I stifle a laugh, long ago having learned that the young might lack certain knowledge but still possess a purity that ignorance only emboldens. “No, it’s not a bar. St. John’s? Really? It’s like the oldest church in Richmond. It’s where Patrick Henry delivered his ‘Give Me Liberty or Give Me Death’ speech during the Revolutionary War.”
“Oh, that makes sense. Graves is always rattling on about that.”
“It’s not far. Should we go get him?”
“No. Let’s stand here like a pair of morons.”
For some reason I snap at her. “I don’t have to do this, you know. Stop acting like I’m the hired help.”
“Fine. Get the fuck out of here then!” Gibson never backs down, always stays in attack mode.
“I don’t mind helping, but don’t get in my face.”
“Grow a pair. Graves is probably dead by now anyway. Those jerk-offs he’s been hanging with, they’re nuts.”
“I’m parked over here.”
She still walks in front of me, the indomitable one, eighteen going on thirty, exuding a raw energy that can bend metal. At least she trusted me enough to call me in her time of need, a marked improvement from her running out of the 7-Eleven this morning…was it this morning that I first met Gibson? It seems like a lifetime ago. We’ve managed to pack in quite an a
ssortment of excitement during our brief relationship—hitchhiking, a sexual romp that nearly got us both killed, a killer set at the Dungeon, and now this, a rescue mission of sorts, that will take us to the ideological birthplace of our nation.
“You heard about the Lee statue, right?” I ask after we both get into the Honda.
“Yeah.” Her shoes come off, and bare feet go to the dash.
“Do you think Graves had anything to do with it?”
She inhales sharply and shakes her head almost in disgust. “I hope not.
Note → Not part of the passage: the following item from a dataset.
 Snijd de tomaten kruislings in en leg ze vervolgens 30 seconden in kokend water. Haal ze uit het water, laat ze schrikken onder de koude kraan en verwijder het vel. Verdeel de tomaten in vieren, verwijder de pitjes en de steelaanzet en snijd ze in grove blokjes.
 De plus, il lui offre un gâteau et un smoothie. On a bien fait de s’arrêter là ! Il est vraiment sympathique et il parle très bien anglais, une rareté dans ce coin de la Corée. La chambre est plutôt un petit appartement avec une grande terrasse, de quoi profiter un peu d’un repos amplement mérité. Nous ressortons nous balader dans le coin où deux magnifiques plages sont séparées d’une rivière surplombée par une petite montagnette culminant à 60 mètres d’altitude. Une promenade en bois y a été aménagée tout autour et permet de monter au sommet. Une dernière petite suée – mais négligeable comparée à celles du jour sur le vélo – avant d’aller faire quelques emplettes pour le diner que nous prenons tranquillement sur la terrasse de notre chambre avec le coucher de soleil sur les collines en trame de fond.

But you shouldn’t even talk about it. Never. You could jinx him.”
“Come on, that’s ridiculous.” I start the sickly sounding engine, noticing that I need gas. “We need to stop for gas. There’s got to be a station on Broad Street, don’t you think?”
“Can we stop after we get him?”
I quickly calculate the distance involved with the amount of gas in my tank. “Sure. As long as we find a station right after. Get on your phone and sleuth out a place near St. John’s Church.”
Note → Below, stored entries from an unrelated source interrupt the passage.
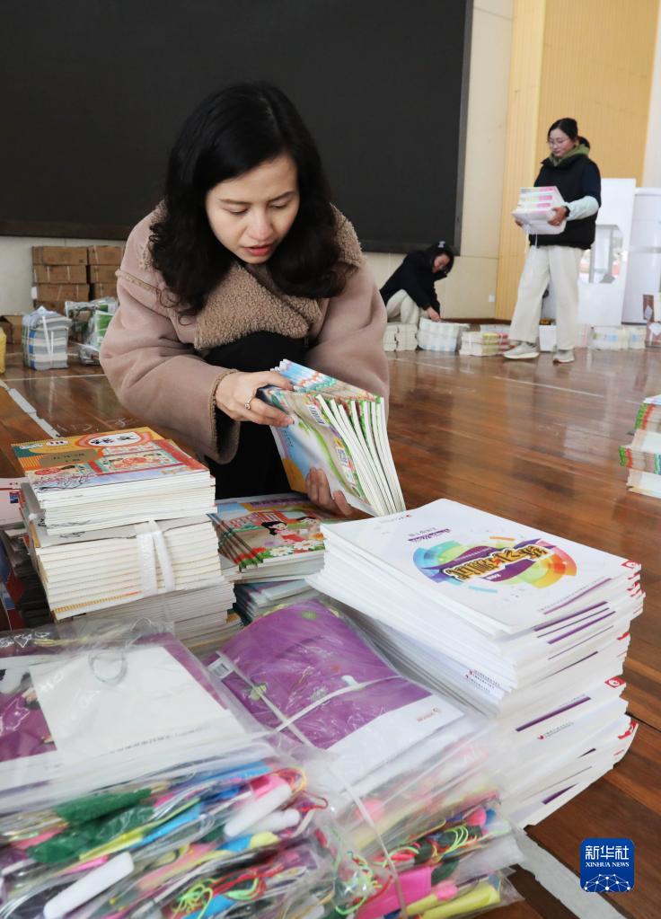 2月1日,江蘇蘇州東中市實驗小學校的老師在整理新書。
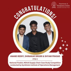 We congratulate Anand Reddy, Dinakar Sirigiri and Shyamprasad Lingala for standing as National Finalists at Nexus Supply Chain Case Study Competition at the Symbiosis Institute of Operations Management!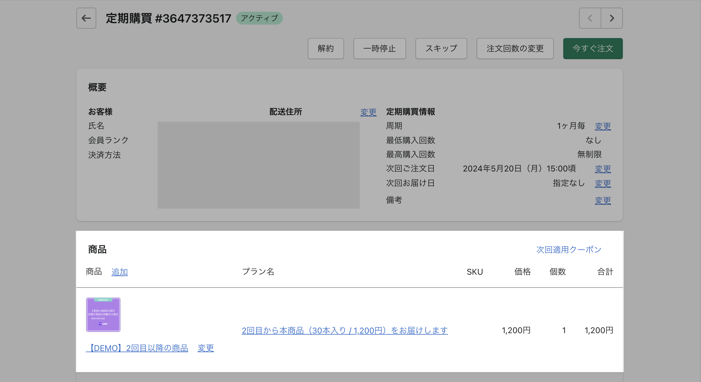 定期契約作成後、ストア管理画面上の定期契約にも次回の注文内容(2回目以降購入用の商品)が表示されるようになります。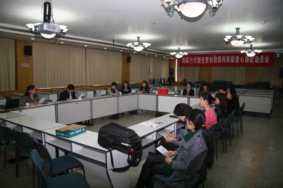 为了响应国家“开展幸福工程——救助贫困母亲行动”的号召,为了让全天下所有的母亲都能走出贫困,获得幸福,4月12日,声学所在DSP大楼四层多功能厅组织召开“向实行计划生育的贫困母亲献爱心”捐款动员会,号召全所职工向实行计划生育的贫困母亲捐款献爱心。会议由负责计划生育工作的杨丽同志主持,办公室主任程洋做捐款动员,全所各部门计划生育宣传员二十余人参加了会议。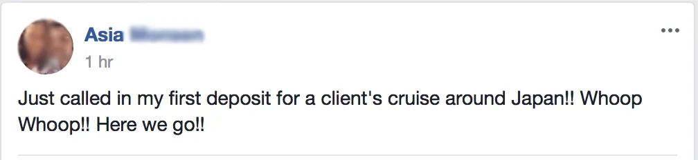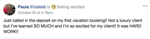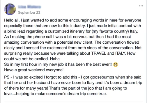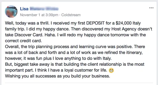 In as little as two months from joining, you'll be booking your first trips. These first bookings are always a little nerve-wracking, so we’re right there with you. You may have basic questions about the procedure or what suppliers to use, or more complex questions about how your potential clients reacted. We've got your back! :)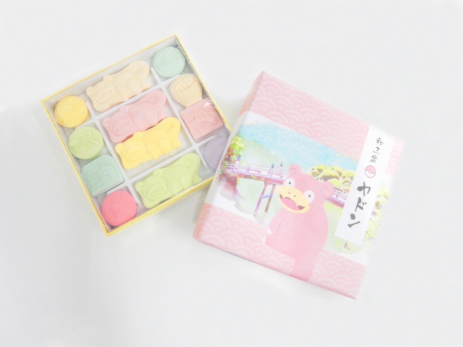 香川県特産の和三盆糖を使ったお菓子です。まるでヤドンのしっぽのように、優しい甘さが特徴です。ヤドンやモンスターボールなどを形どった食べるのがもったいないようなデザインになっています。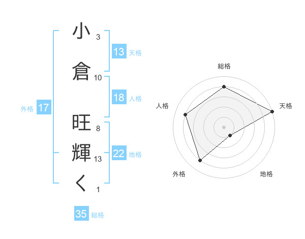 小倉 旺輝くさんを姓名の画数から五運を鑑定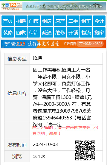 因工作需要现招聘工人一名,年龄不限,男女不限,小学文化即可,负责打包工作,没有大件,工作轻松,月薪=保底工资1300+绩效1元/件=2000-3000左右,有意者速度来电13009798709芝麻粒15946440353 【电话咨询时,请一定说明在七台河信息网看到的,谢谢!】 |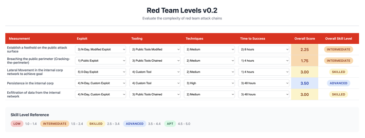 This scoring model adds much needed repeatability, helping transform red teaming into a more measurable and scientifically grounded discipline. Over time, Red Team Levels also make it possible to track year-over-year improvement in both adversary resistance and defensive capability.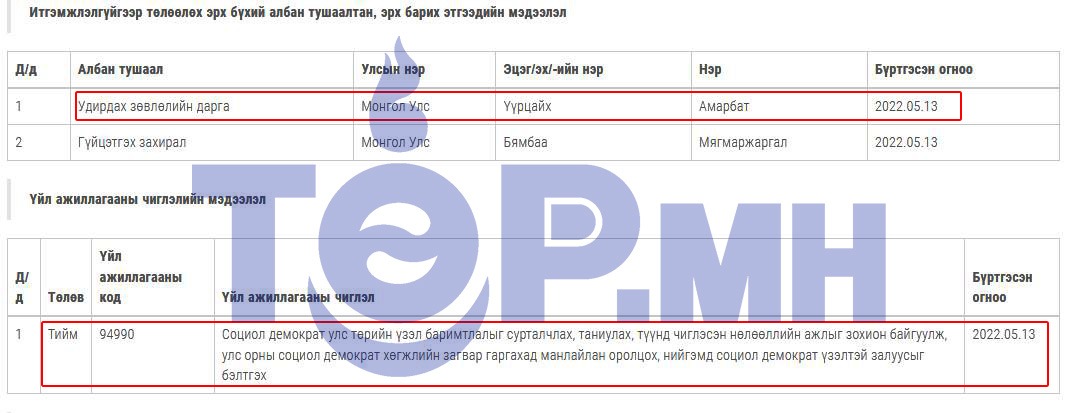 Монгол Улсын ерөнхий сайд Л.Оюун-Эрдэнэ таны хатуу чанд сахилга бат, хариуцлагатай байх тухай хэлсэн үг хатаж амжаагүй байхад Засгийн газрын танхимын сайд чинь намынхаа залуусын төрийн бус байгууллагад давуу эрх олгож, тэтгэж сууна!!! Энэ таны хэлээд буй шударга ёс гэж үү?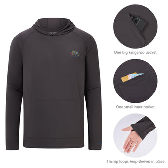 UVSAI Men’s Hoodie Shirt UPF 50+ Permanent UV Protection T-Shirts With Kangaroo Pocket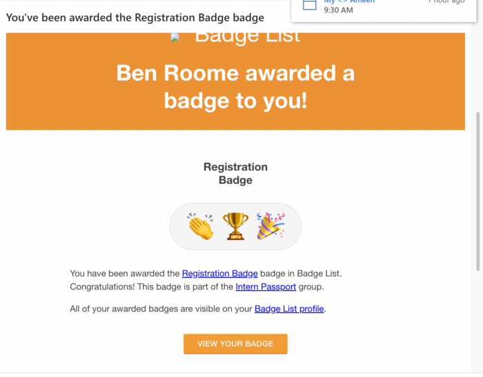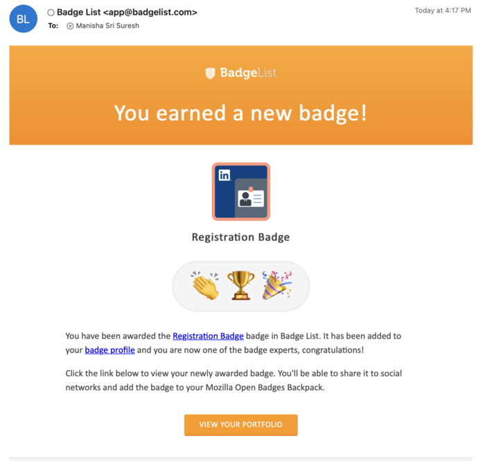 To earn this badge, find the award email in your linkedIn email account and click the link to register your account.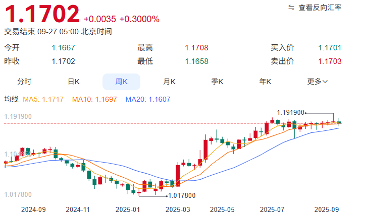 美元多头迎来利好周期,美国经济数据持续超预期,但政治风险悄然潜伏。欧元兑美元汇率在上周表现疲软,收于1.1700关键水平下方,进一步远离九月中旬创下的1.1918的年度高点。这一走势主要受美国强劲经济数据和美联储政策预期调整推动。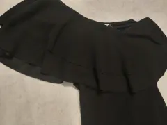 Vestido casual. Vestido ala rodilla de tela elástica con olanes en los hombros talla L,con abertura en la falda en la parte de atrás.

She begins the assigned task at once, and the glow from her touch screen casts an angelic light on her face. But my heart sinks, thinking of Lola…she’s at that fleabag hotel, waiting for me. Now that we’ve been outed, there’s no reason for us to hide…I can take her to the wedding tomorrow and proclaim my love for her in public. No more lies, no more hiding! Give me liberty or give me death!
But traffic in Oregon Hill is snarled and we crawl along Pine Street. Gibson bounces in her seat, yelling at the cars ahead of us to move. I share in her frustration, because the longer this takes, the longer my reunification with Lola will be delayed. They say good things come to those who wait, but not when you’re dealing with an impetuous young woman with a bottomless appetite for the macabre.